Now I have two dictionaries with the same keys, I can do a loop over one of them and stores the average values by hour in a list of lists.

In [7]:
avg_by_hour = []
for hour in counts_by_hour:
    comments_hour = comments_by_hour[hour]
    avg_by_hour.append([hour,comments_hour/counts_by_hour[hour]])

print(avg_by_hour)

[['19', 10.8], ['14', 13.233644859813085], ['11', 11.051724137931034], ['01', 11.383333333333333], ['20', 21.525], ['22', 6.746478873239437], ['03', 7.796296296296297], ['05', 10.08695652173913], ['06', 9.022727272727273], ['10', 13.440677966101696], ['21', 16.009174311926607], ['15', 38.5948275862069], ['23', 7.985294117647059], ['16', 16.796296296296298], ['09', 5.5777777777777775], ['13', 14.741176470588234], ['07', 7.852941176470588], ['08', 10.25], ['18', 13.20183486238532], ['02', 23.810344827586206], ['17', 11.46], ['04', 7.170212765957447], ['12', 9.41095890410959], ['00', 8.127272727272727]]
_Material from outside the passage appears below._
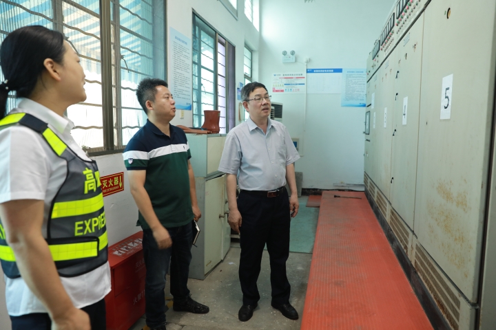 圖為陳文波檢查發(fā)電機房 發(fā)電機房是所里的安全重地。檢查完食堂的安全后,陳文波又來到收費站的發(fā)電機房進行查看。“發(fā)電機房的消防設施有沒有定期巡查?機房設備是如何保養(yǎng)的?”他不時向現(xiàn)場人員詢問。由于發(fā)電機房地基較低,一到雨季雨水可能會漫上來??紤]到這一情況他囑咐在場的人員,要定期做好發(fā)電機房的下水管道的疏通,確保在臺風雨季來臨時能夠及時排水。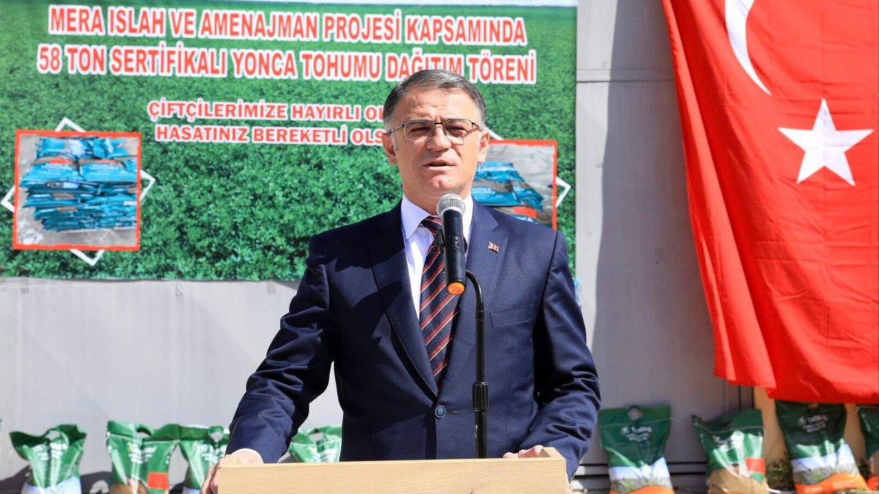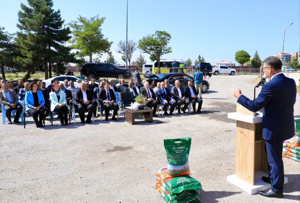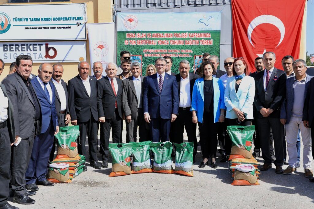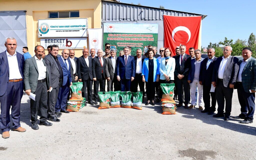 Van Valisi ve Büyükşehir Belediye Başkan Vekili Ozan Balcı, Mera Islahı ve Amenajman Projesi kapsamında çiftçilere 58 ton tohumluk yonca dağıtım törenine katıldı.

Eventhough we now have a list with the **average comments per hour**, it is not in a easy to read format. In order to make it visual, the next code will print the top five most commented hours in a text like format. 

In [11]:
# Swapping the entries in avg_by_hour to sort by descending average descending order
swap_avg_by_hour = []
for hour in avg_by_hour:
    swap_avg_by_hour.append([hour[1],hour[0]])
#print(swap_avg_by_hour[0:2])

# Sorting the swap_avg_by_hour list and assigning to sorted_swap variable
sorted_swap = sorted(swap_avg_by_hour,reverse=True)
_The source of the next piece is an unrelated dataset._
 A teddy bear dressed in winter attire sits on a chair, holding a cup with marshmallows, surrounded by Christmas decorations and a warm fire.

#Printing the top five hours 
#print(sorted_swap[0:4])

for row in sorted_swap[0:5]:
    avg = row[0]
    hour = row[1]
    unformated_hour = dt.datetime.strptime(hour,"%H")
    formated_hour = dt.datetime.strftime(unformated_hour,"%H:%M")
    print("{time}: {average:.2f} comments per post".format(time=formated_hour,average=avg))
    

    

15:00: 38.59 comments per post
02:00: 23.81 comments per post
20:00: 21.52 comments per post
16:00: 16.80 comments per post
21:00: 16.01 comments per post


Using the average number of comments/perhour.pernumberofposts, which is sort of an hourly comment density in ask posts, we can see that posting between **15:00 and 15:59** gives one more chance to have higher comments in one's post.